No psychobabble. No silly games.
Everything I do, either in consulting or training, must be immediately applicable back on the job. Psychological jargon and theory is kept to a minimum. Workshop exercises must be designed to enhance transfer of learning. Useless games and embarrassing encounter-group-like exercises have no place in a professional environment.

Leaders don't know everything that is going on in their organizations.
Leaders might think they know but there are almost always issues and concerns affecting productivity and morale that they don't know about. Worse yet, no one will tell them.

Leadership is like looking in a mirror.
Whatever is going on in a team is in some way a reflection of the leader of that team. When people are not performing well, the only useful question for leaders to ask themselves is this: "What am I doing - or not doing - that contributes to the poor performance of my team or individual worker?"

Leaders are subject to distorted self-perceptions.
The higher you rise in management, the more distorted your self-perception is likely to become. You get less feedback and, if you are doing something that bothers people, they are unlikely to tell you. My job is to provide leaders with perceptions of them that people talk about with each other but rarely bring to the person who most needs to hear it.

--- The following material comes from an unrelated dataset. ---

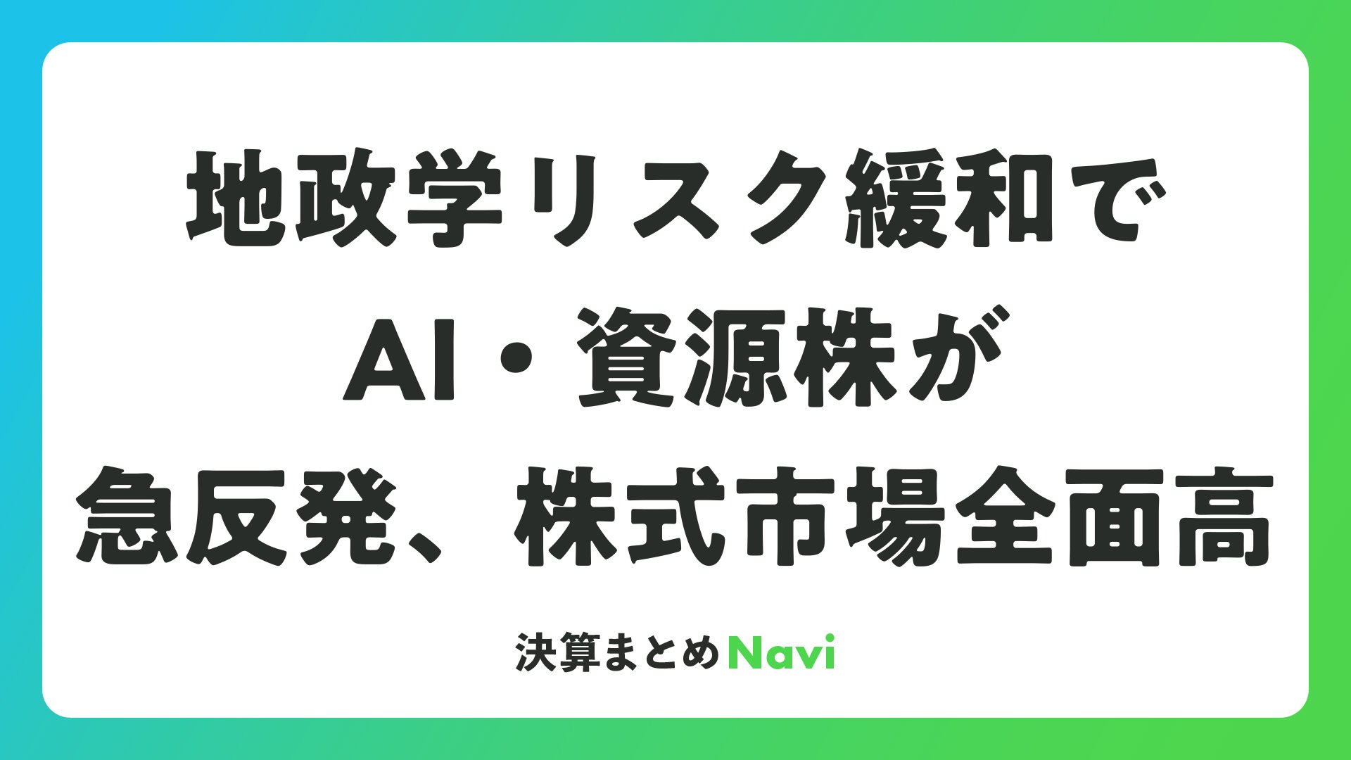 地政学リスク緩和でAI・資源株が急反発、株式市場全面高をまとめました
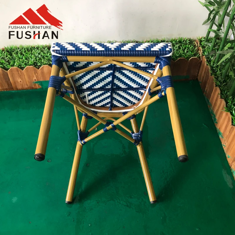Fushan furniture metal frame curved comfortable blue woven rattan outdoor dining chair

90% of terminations are due to interpersonal or attitudinal problems.
The inability to do the job only accounts for 10% of separations. Deficiencies in EQ undermines teamwork, damages careers, sabotages productivity, and, when found in leader, is a significant factor in a team's performance and morale.

When terminations do occur, they are almost always long overdue.
The person's coworkers have have usually been frustrated by this person's poor performance for a long time. Faced with management inaction, they reach one of two conclusions. They think that management isn't paying attention and is unaware of what is going on. Or, worst yet, they assume that management knows but doesn't care.

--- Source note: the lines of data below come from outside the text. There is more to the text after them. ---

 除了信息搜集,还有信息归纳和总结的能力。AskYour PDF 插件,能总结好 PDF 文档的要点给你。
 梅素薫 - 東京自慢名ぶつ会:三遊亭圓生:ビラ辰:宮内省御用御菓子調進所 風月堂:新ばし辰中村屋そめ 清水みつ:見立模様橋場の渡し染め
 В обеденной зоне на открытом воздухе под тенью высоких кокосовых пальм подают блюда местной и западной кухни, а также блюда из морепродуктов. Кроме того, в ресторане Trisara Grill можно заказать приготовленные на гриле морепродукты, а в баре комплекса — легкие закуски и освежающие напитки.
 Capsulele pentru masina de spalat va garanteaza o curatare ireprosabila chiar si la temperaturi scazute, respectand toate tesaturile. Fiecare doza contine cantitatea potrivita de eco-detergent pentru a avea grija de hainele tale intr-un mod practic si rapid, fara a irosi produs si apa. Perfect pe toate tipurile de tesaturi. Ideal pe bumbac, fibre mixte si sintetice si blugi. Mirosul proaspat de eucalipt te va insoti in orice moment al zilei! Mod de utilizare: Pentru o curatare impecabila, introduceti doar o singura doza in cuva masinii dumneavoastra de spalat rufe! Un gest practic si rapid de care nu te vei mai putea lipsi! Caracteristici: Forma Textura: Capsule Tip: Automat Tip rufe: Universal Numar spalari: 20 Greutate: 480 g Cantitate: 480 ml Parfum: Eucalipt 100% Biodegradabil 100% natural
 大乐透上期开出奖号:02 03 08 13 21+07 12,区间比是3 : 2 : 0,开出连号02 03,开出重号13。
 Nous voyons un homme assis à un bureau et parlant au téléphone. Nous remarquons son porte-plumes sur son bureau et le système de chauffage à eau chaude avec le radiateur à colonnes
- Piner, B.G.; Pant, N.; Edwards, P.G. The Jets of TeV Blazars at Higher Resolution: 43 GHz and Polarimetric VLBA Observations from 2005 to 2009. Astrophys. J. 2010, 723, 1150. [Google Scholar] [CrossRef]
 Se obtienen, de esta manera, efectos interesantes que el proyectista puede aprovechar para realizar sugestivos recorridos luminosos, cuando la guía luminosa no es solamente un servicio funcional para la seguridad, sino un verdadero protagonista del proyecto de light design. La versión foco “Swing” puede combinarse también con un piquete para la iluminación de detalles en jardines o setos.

Coaching and training must offer common-sense principles and tools.
Offered complex information and elaborate communication strategies that are difficult to put into practice, people won't remember them, they won't act on them, and you will regret paying for them.

Consulting projects are never neutral.
My presence raises hope that things will get better in an organization. I must either deliver on that hope or the outcome will be greater cynicism and greater reluctance to embrace the next change effort that comes along.

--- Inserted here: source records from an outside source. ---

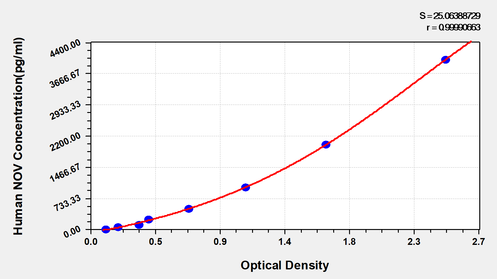 通過線性范圍來計算出實際的檢測樣本值,定量試劑盒標準曲線的相關系數R大于0.99。以CSB-E07270h(人脂聯素(ADP)ELISA Kit)為例的標準曲線。
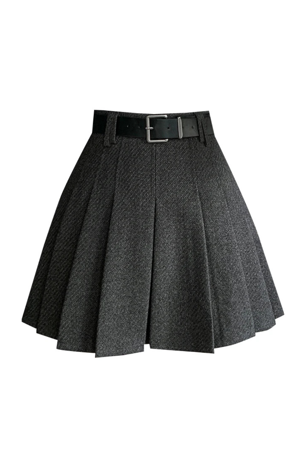 Winter Pleated Mini Skirt Women Woolen Skirts With Shorts Belt Skirt Woman
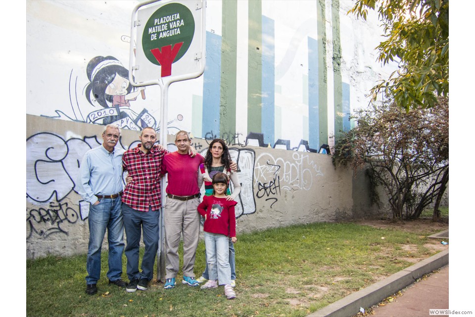 "Quienes hacemos esta página: Horacio, Nicolás, Eduardo, Julia y Candelaria, en la plazoleta Matilde Vara de Anguita"
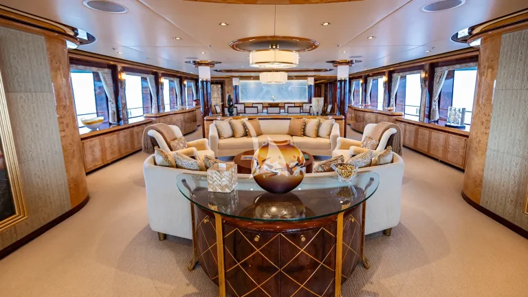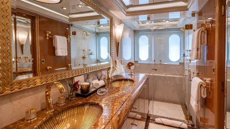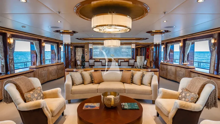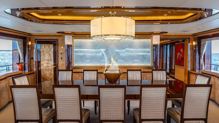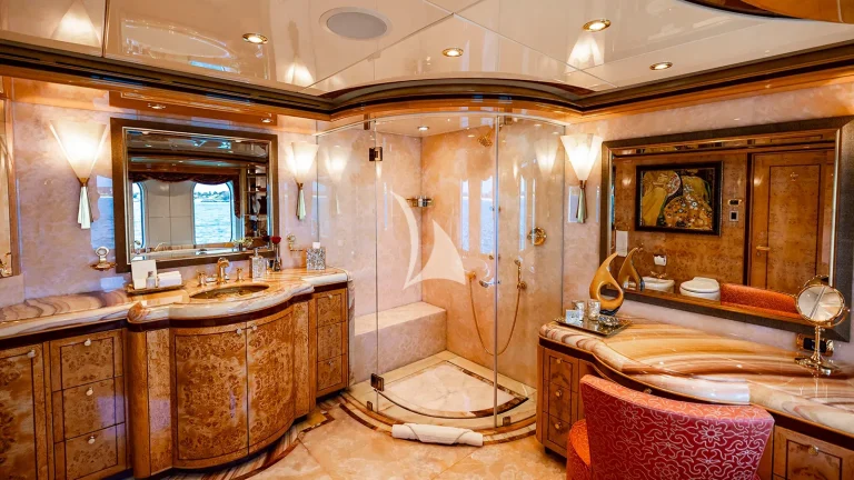 ELIS ET MAR (ex. LIBERTY, LADY SARA) blends timeless elegance with purposeful design, offering a charter experience defined by comfort, flexibility, and refined detail. Built with seasoned superyacht expertise, she boasts an impressive volume for her size, creating a sense of openness typically found on much larger yachts. Her interiors are a showcase of bespoke craftsmanship: Italian marbles, Lalique glass panels, and silk carpets are complemented by rich birch, vavona, and popular buri woods—together creating a warm, sophisticated atmosphere that feels both luxurious and inviting.

My client must be as committed to the work as I am.
I evaluate a potential client's commitment to carrying through on promises being made at the outset of any project. I will not be the occasion for staff to experience yet another failed change effort because management failed to deliver on their promises.

I have a responsibility to treat my client's money as if it were my own…very, very carefully.
If I don't think an intervention will work, I am morally obligated to say so. If I am not the appropriate resource for a project, I will assist my client in finding a resource better suited to do the work.